The jobless rate was one-tenth of a percentage point higher than October and 1.8 percentage points higher than in November of last year, the Colorado Department of Labor and Employment said Friday.

The national unemployment rate was 6.7 percent in November.



Nonfarm wage and salary employment declined by about 5,500 positions, with the biggest losses coming in construction, professional and business services, and leisure and hospitality, the labor department said. The drop of 4,800 construction jobs in November was larger than the normal seasonal decline.

The number of employed Coloradans fell by 8,900 in November to almost 2.6 million, showing the state is still feeling the effects of credit markets that froze up in September.




“We’re still in the reverberation of the shock,” said Joseph Winter, senior economist with the state labor department.

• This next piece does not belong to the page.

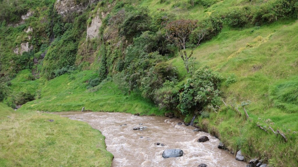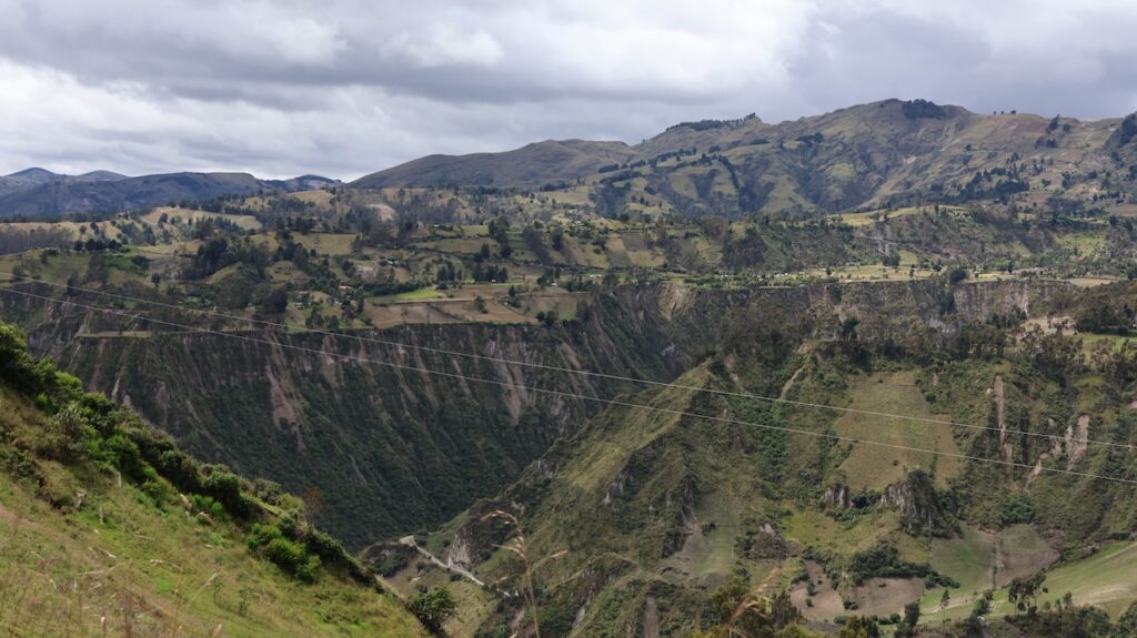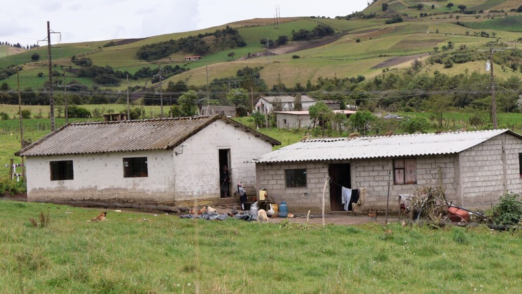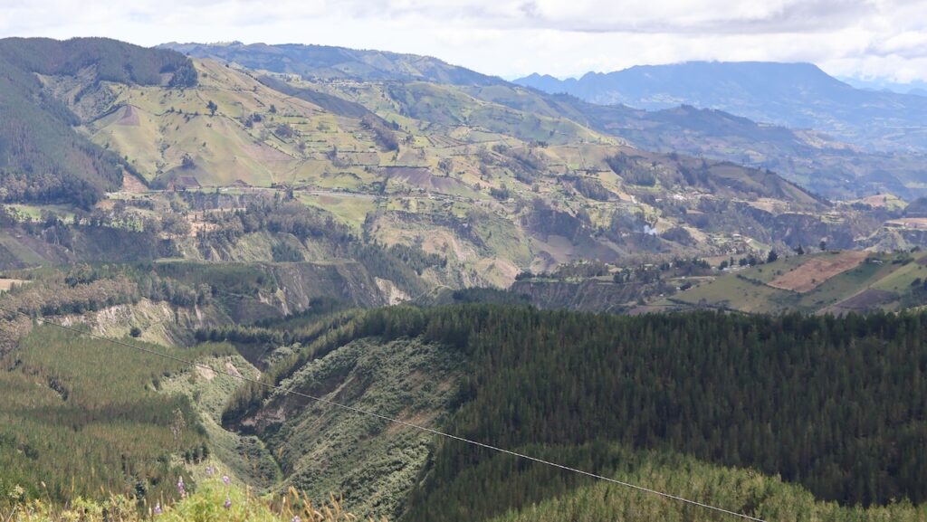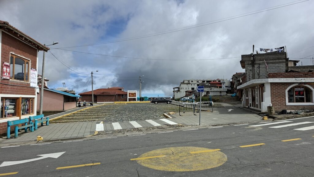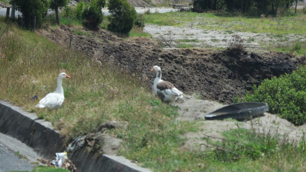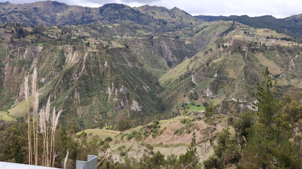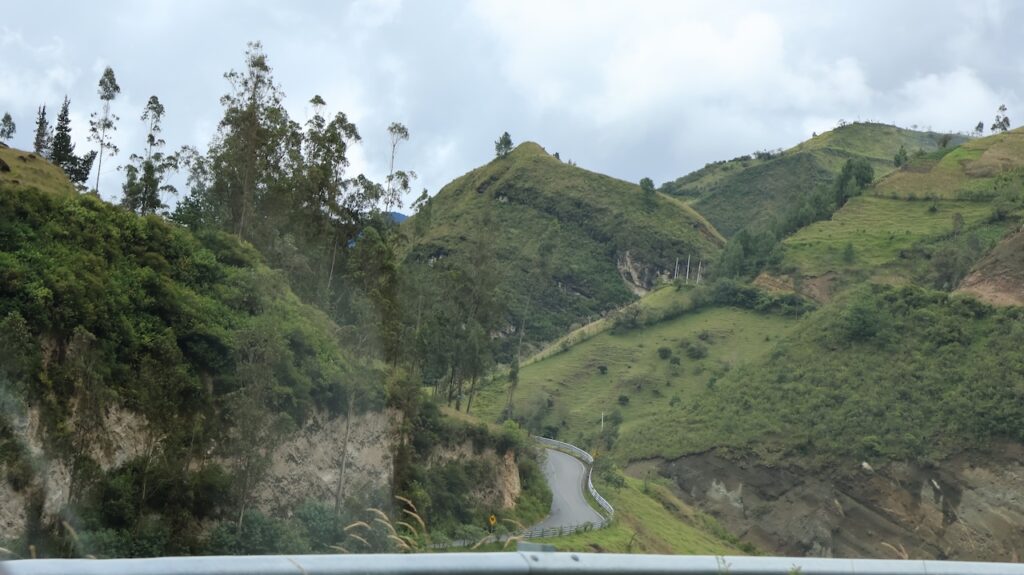 Dörfer gibt es nicht viele. Das Grösste ist Sigchos. Aber auch die zwei kleinen Orte haben überdimensionierte Ortstafeln. Am Strassenrand laufen Gänse herum und Schweine sind angebunden. Auch die Kühe sind angebunden und fressen so die Weide von links nach rechts ab. Die Häuser werden auch wieder schäbiger. Nach der Schlucht geht es einige Male in vielen Serpentinen und Haarnadelkurven hinauf und wieder hinunter. Es sind heute wieder so einige Kurven, die Manfred fahren muss.

It was the third straight monthly decline in wage and salary jobs, the longest in the state since early 2003.

The weekly average for initial unemployment claims in November was roughly 4,600 ” up from around 2,500 in November 2007, Winter said.

Former deputy sheriff and truck driver Bill Stevens of Colorado Springs has yet to file for unemployment benefits, despite losing his two-month-old heating, ventilation and air conditioning job Aug. 28. On that day, he was invited to a company barbecue, only to be told he was being laid off, he said.

After months of scouring help-wanted ads and submitting job applications, Stevens, 42, applied for work at McDonald’s. He was told he was overqualified.

“The economy is just terrible,” he said. “In my case, I have never gone more than two days without a job.

“You’re sitting there like, ‘I need to get a job, I don’t care what it is.’ I even put in for school districts, for janitorial work, for bus drivers. You think they always need bus drivers. Well, right now, they don’t,” Stevens said.

Now Stevens is applying for a Border Patrol job in Arizona and a police department job in Lubbock, Texas. He also spoke to an Army recruiter about becoming a reservist working in avionics at Fort Carson.

In the meantime, he is working odd jobs and relying on family to keep up with his mortgage and bills.

“A paycheck would be a welcome sight,” Stevens said.